Sorry if this question was already asked - will be happy to remove this one,
I have a numerical vector of clinical data to analyse and due to various reasons this vector contains 2 types of values: 10 (exact integer number) if the value in a current patient was normal and continuous values <9 or >11 if not (say, 8.7 or 11.9). How should I treat such vector in a regression approach (want to use it as a predictor)? I was thinking about adding random noise to make values more "uniform", but then it is not clear how to do so.
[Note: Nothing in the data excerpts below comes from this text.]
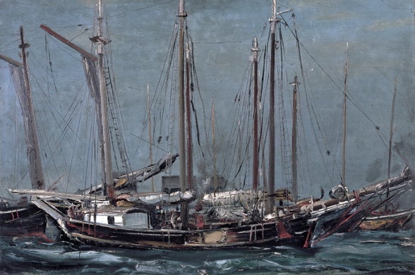 いよいよ、クラファン終了まであと5⽇です!! ぜひ、応援や拡散をよろしくお願いします。 今回は、佐伯祐三一家が第一回目の渡仏の後、大阪で過ごした1926年のお話。祐正・祐三の姉・文栄さんは、現大阪市港区弁天町で金融業を営む裕福な家に嫁いだ。実家で居心地が悪かった祐三は、ここに長期滞在していたようだ。文栄の娘、息子とも交流があった。この家に滞在した祐三は、文栄の息子を伴ってよく写生に出かけたという。中之島の吉村洋画材料店(現ホルベイン)で画材を買い求め、その後安治川沿いでスケッチをしていたようだ。※吉村洋画材料店は、現在も絵の具など画材を製造・販売するホルベインのこと。https://www.holbein.co.jp/company/history/chronology.html イーゼルや絵の道具を分担して持たせて出かけ、祐三は夢中になって滞船を描いた。真横から描かれた船は、帆柱が垂直にそそり立ち、大きな空を分割しリズミカルで緊張感のある絵に仕上がっている。また、祐三の筆さばきによって、船の胴体のざらつきや風水に耐えるテクスチャーが見事に表現されている。この時期にいくつもの作品を残している(下図は、「滞船」1926年ごろ ENEOS株式会社蔵)。文栄さんのお孫さんが聞いた話によると、「写生をしていると、水辺に立てかけたイーゼルが突風で吹き飛ばされることもあった。これを文栄の息子は度々とりに行かされたそうだ。風が木屑や藁を拾い祐三の描く絵に張り付くことがあった。気を利かせて取り除こうとすると、作品が損なわれるからそのままでいいと祐三に諌められたという。」無頓着なようでいて真っ直ぐに絵だけを極めたい祐三の心持ちがよく現れているエピソードである。 また、祐三は、蟹の絵をこの家で描いている(下図は、「蟹」1926年ごろ 個人蔵)この蟹の絵にもエピソードがあり、お話を聞かせてもらった。ある時、この家の主人が茹でたカニをもらったそうだが、いつ料理したかわからないから食べたくないとゴミ箱に捨ててしまったそうだ。「おそらく、主人は活(イケ)のまま仕入れ、家で茹でたものでないと口にしたくないと思ったんでしょう。今思えば、なんて贅沢だったんでしょうね。」と笑って教えてくれた。ところが、それを見つけた祐三はすぐにそれを拾い上げ、そそくさと写生をし、その後ペロリと平らげてしまったそうだ。確かに、赤く茹で上がり勇ましくも、とても美味しそうである。それを見事に表現している。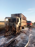 W sobotę, 8 lipca przed godz. 5 strażacy dostali zgłoszenie o pożarze samochodu ciężarowego na drodze wojewódzkiej w Szyszłowie, w okolicy skrzyżowania w stronę Ostrowitego. Najpierw zapaliło się koło, po chwili pożar się rozprzestrzenił. – Po przybyciu na miejsce zastępów straży pożarnej zastano rozwinięty już pożar kabiny. Kierowca samochodu ciężarowego znajdował się poza nim próbując gasić pożar. Strażacy podając jeden prąd piany ciężkiej ugasili pożar kabiny, jednocześnie podali prąd wody w obronie pobliskiego zboża – relacjonuje Mariusz Pawela, rzecznik słupeckiej komendy PSP. W akcji uczestniczyły zastępy ze Słupcy, Szyszłowa, Ostrowitego i Kąpiela.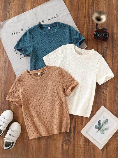 3 件套男童休闲纯色圆领短袖 T 恤,适合运动、休闲和日常户外穿着,夏季 - 彩色 - 查看 3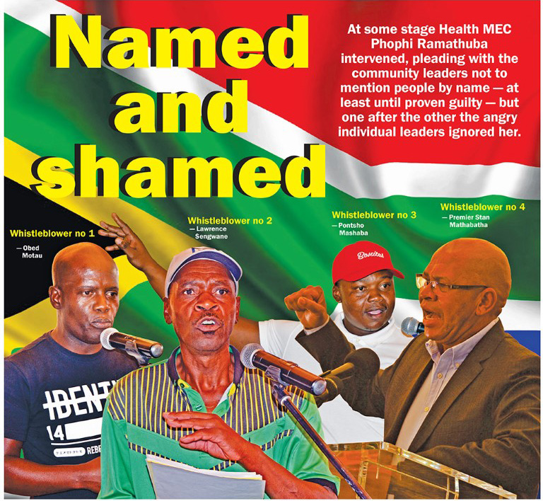Fire-spitting community leaders in Bela-Bela on Friday 26 October stunned Limpopo Premier Stan Mathabatha, when they publicly named and shamed three sitting local councillors, allegedly involved in corruption.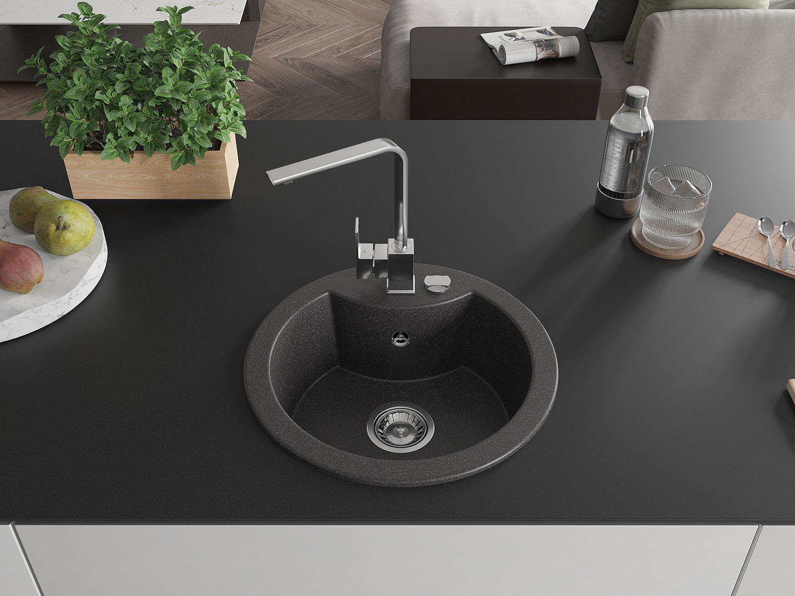 O lava-loiça é feito de granito de alta qualidade. Constitui um complemento elegante, e acima de tudo prático, para qualquer cozinha, independentemente do seu estilo. A alta qualidade e durabilidade do granito garantem muitos anos de utilização.

Want to clarify: integer number of 10 totally makes sense, these is "number of events in the population of cells", if all the cells are normal, we will get exactly 10, but it may happen that say 62% of cells contain 8 events and 21% contain 9 events (the rest is normal and contain 10 events) - this continuous values are just average across 100% of the cells. Values are truncated at 9 and 11 because of the limitation of the measurement method - but the values are already truncated and it is not possible to recover the "noisy" measurement.
UPD: following an advice from the comments, I add: I am interested in building a model of relationships between such "strange" predictor and some clinical outcome (it may be continuous or dichotomised variable - it is not me who sets the rules...). I am not interested in deep modelling of the phenomena - an empirical model with trustable results (such as p-values distributed uniformly under H0) would be totally fine.